**TASK INSTRUCTIONS:**
Take the line containing "1 kép Mexen" and each line after it through the end of the data below, and return them exactly, minus any pictures.

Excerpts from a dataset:
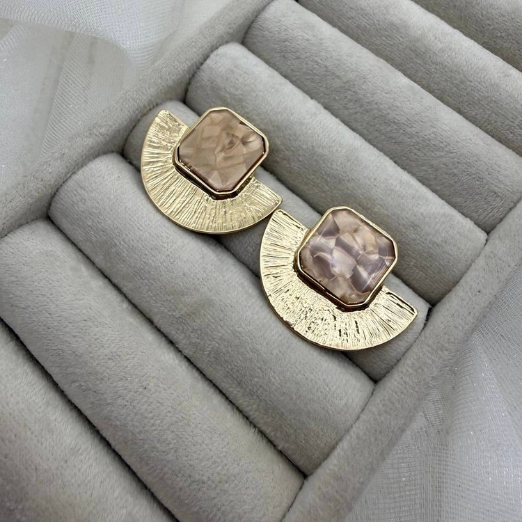 گوشواره نیمدایره طلایی و رزین صدفی و شامپاینی مربع – ترکیب هندسیِ لوکس و لطافت صدفی
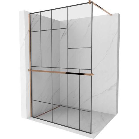 1 kép Mexen Kioto+ Walk-In Zuhanyfal - 110x200 cm - 8 mm Üveg - Fekete/Rózsaarany
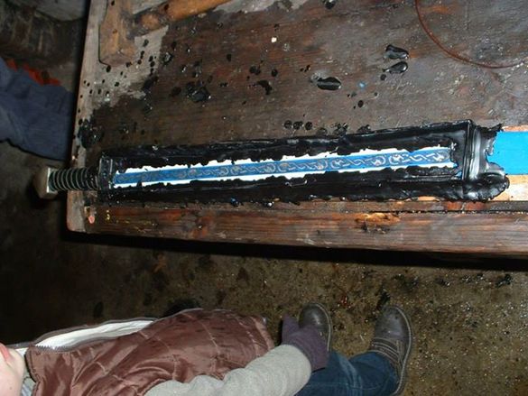 Il faut plonger la lame dans l'acide. Comme je n'en ai pas assez, j'ai fabriquer un bac à acide en cire de moulage sur la lame.
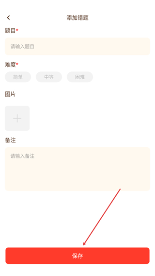 4、填写题目选择难度补充信息,点击保存完成添加。
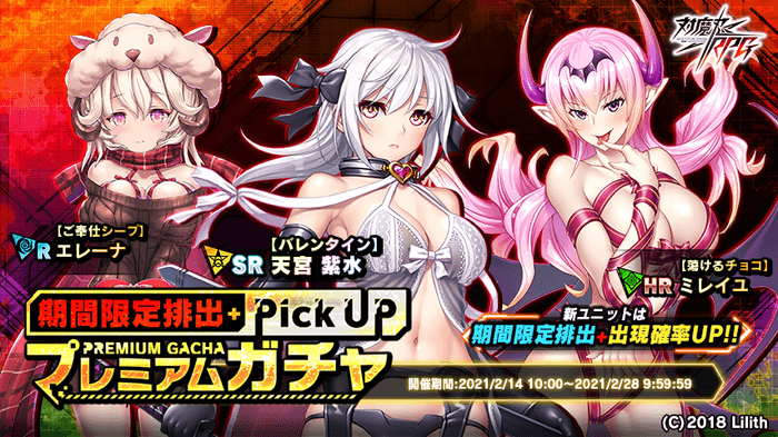 期間中は新規キャラクター「『【バレンタイン】天宮 紫水』『【蕩けるチョコ】ミレイユ』『【ご奉仕シープ】エレーナ』の出現確率がアップしております。
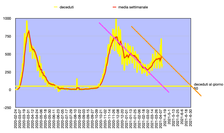 La soglia non è nota, non se ne parla ma si capisce che lo standard potrà essere quello assunto dagli inglesi, una cinquantina di casi al giorno per almeno una settimana. In altri post ho rivendicato l’importanza di formulare previsioni statistiche, non predizioni o profezie ma previsioni. Questa mattina mi sono messo a lavorare e riflettere su questo grafico riguardante i decessi per COVID registrati sin dall’inizio. La curva gialla rappresenta i deceduti giornalieri mentre quella rossa rappresenta la media mobile settimanale. Le rette colorate in viola ed arancione sono miei ragionamenti molto semplicistici con la solita matematica della serva.

**EXERCISE SOLUTION:**
 1 kép Mexen Kioto+ Walk-In Zuhanyfal - 110x200 cm - 8 mm Üveg - Fekete/Rózsaarany
 Il faut plonger la lame dans l'acide. Comme je n'en ai pas assez, j'ai fabriquer un bac à acide en cire de moulage sur la lame.
 4、填写题目选择难度补充信息,点击保存完成添加。
 期間中は新規キャラクター「『【バレンタイン】天宮 紫水』『【蕩けるチョコ】ミレイユ』『【ご奉仕シープ】エレーナ』の出現確率がアップしております。
 La soglia non è nota, non se ne parla ma si capisce che lo standard potrà essere quello assunto dagli inglesi, una cinquantina di casi al giorno per almeno una settimana. In altri post ho rivendicato l’importanza di formulare previsioni statistiche, non predizioni o profezie ma previsioni. Questa mattina mi sono messo a lavorare e riflettere su questo grafico riguardante i decessi per COVID registrati sin dall’inizio. La curva gialla rappresenta i deceduti giornalieri mentre quella rossa rappresenta la media mobile settimanale. Le rette colorate in viola ed arancione sono miei ragionamenti molto semplicistici con la solita matematica della serva.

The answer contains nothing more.